======== Provided material ========
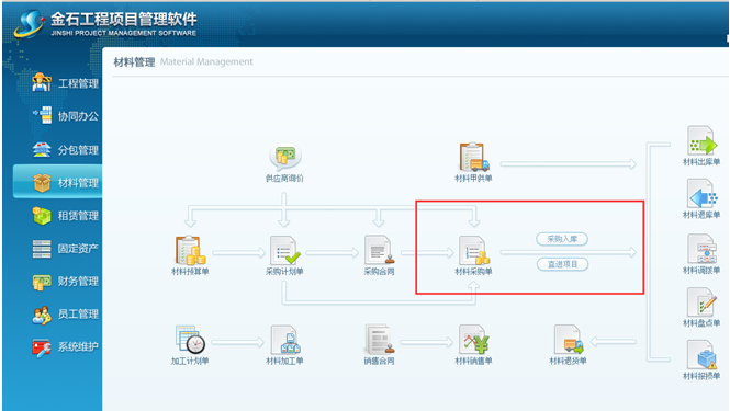3項目上報采購計劃,審核通過之后簽訂采購合同,然后執行采購入庫 (這種工程項目材料采購流程適合項目上需要有采購環節的采購) 如圖:
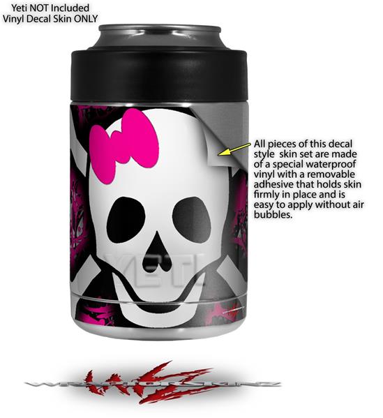Skin Decal Wrap for Yeti Colster, Ozark Trail and RTIC Can Coolers - Splatter Girly Skull (COOLER NOT INCLUDED)
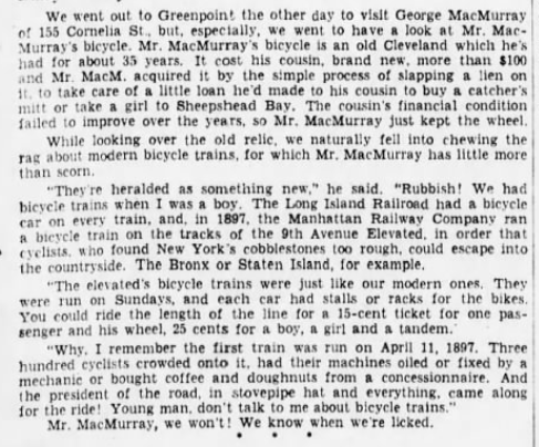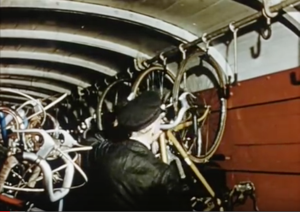 – In 1955, British Transport Films produced Cyclists’ Special to promote weekend excursions from London to the English country side. Service included on board dining and specially configured luggage cars to store quantities of bicycles.
========
Output the data exactly. Pictures don't belong in the result.

3項目上報采購計劃,審核通過之后簽訂采購合同,然后執行采購入庫 (這種工程項目材料采購流程適合項目上需要有采購環節的采購) 如圖:
Skin Decal Wrap for Yeti Colster, Ozark Trail and RTIC Can Coolers - Splatter Girly Skull (COOLER NOT INCLUDED)
 – In 1955, British Transport Films produced Cyclists’ Special to promote weekend excursions from London to the English country side. Service included on board dining and specially configured luggage cars to store quantities of bicycles.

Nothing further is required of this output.